Гальваническая ванна была в отдельной пристройке. Там резко пахло хлором. Рабочий, стоявший возле нее, был в респираторе, который вряд ли спасал его от ядовитых испарений. Андре предостерег Рене:

— Тут долго не задерживайся. Знаешь, что в ванне этой? Какой раствор?

— Нет.

— Цианистый калий. Тот, которым люди травятся. И хлор вдобавок. Знаешь, что самое трудное было в нашем деле? — И объяснил: — Лицензию на работу с цианидом калия получить. Этой ванной весь город отравить можно. Вот на какой воде золото наше замешено. А это два электрода. Один — изделие, а другой — слиток золота. Видишь, как он тает? Растворяется.

— Не жалко?

— Так на изделиях все и оседает. Куда ему деваться? Что его жалеть вообще — металл, как все прочие?.. Вытаскивай, — сказал он работнику. — Уже, небось, вдвое осело. Чего ждешь?

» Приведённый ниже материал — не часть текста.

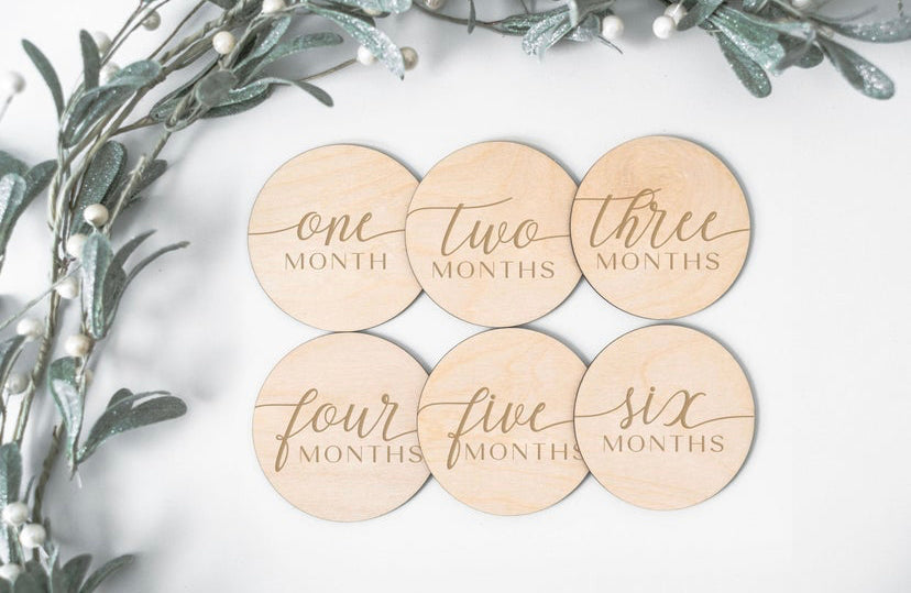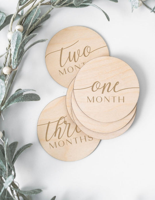 Our adorable monthly milestone trackers are the perfect way to document your sweet little one's growth! Just place the wooden plaque next to the baby and take a picture. Perfect for a baby shower gift, birth announcements, photography sessions and more!
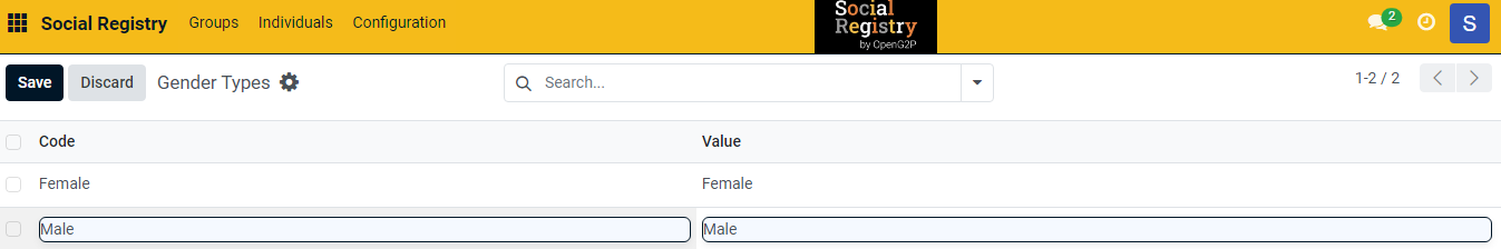 5. Enter the relevant [Gender Types](https://docs.openg2p.org/1.3/social-registry/features/configurations/..#gender-types) in the ***Code*** field.

— Вроде хозяин — при нем не распоряжаются.

— Я тут при чем? Ты здесь начальник… В работе нет хозяина. Хозяин после работы начинается…

Они вернулись в мастерскую.

— Понравилось? — спросил Андре.

— Понравилось.

— А что так неуверенно говоришь?

— Не знаю. Не привыкла еще.

— Привыкай. Тут ничего хитрого. Работай со всеми да живи в свое удовольствие. Верно, Сюзанна? — Он то и дело возвращался к жене — как к печке, от которой танцуют. — Отец твой не хочет жить, как все, а я другого и не мыслю. И не хочу ни над чем задумываться. Потому как во многих мыслях многие печали… Ну что? Какие вопросы еще?

Рене не знала что сказать, оглянулась, спросила:

— Золото кругом лежит, брусочками. Никто не возьмет?

Неизвестно почему она задала этот неискренний вопрос — за неимением других, видно. Андре он не понравился. Лицо его построжело.

— Кому брать?.. Все свои, работяги — они не воруют, — а слесарь, стоявший рядом, пояснил:

— Своруешь на тысячу, потеряешь на десять. Работа важнее золота. Выгонят — никуда потом не устроишься…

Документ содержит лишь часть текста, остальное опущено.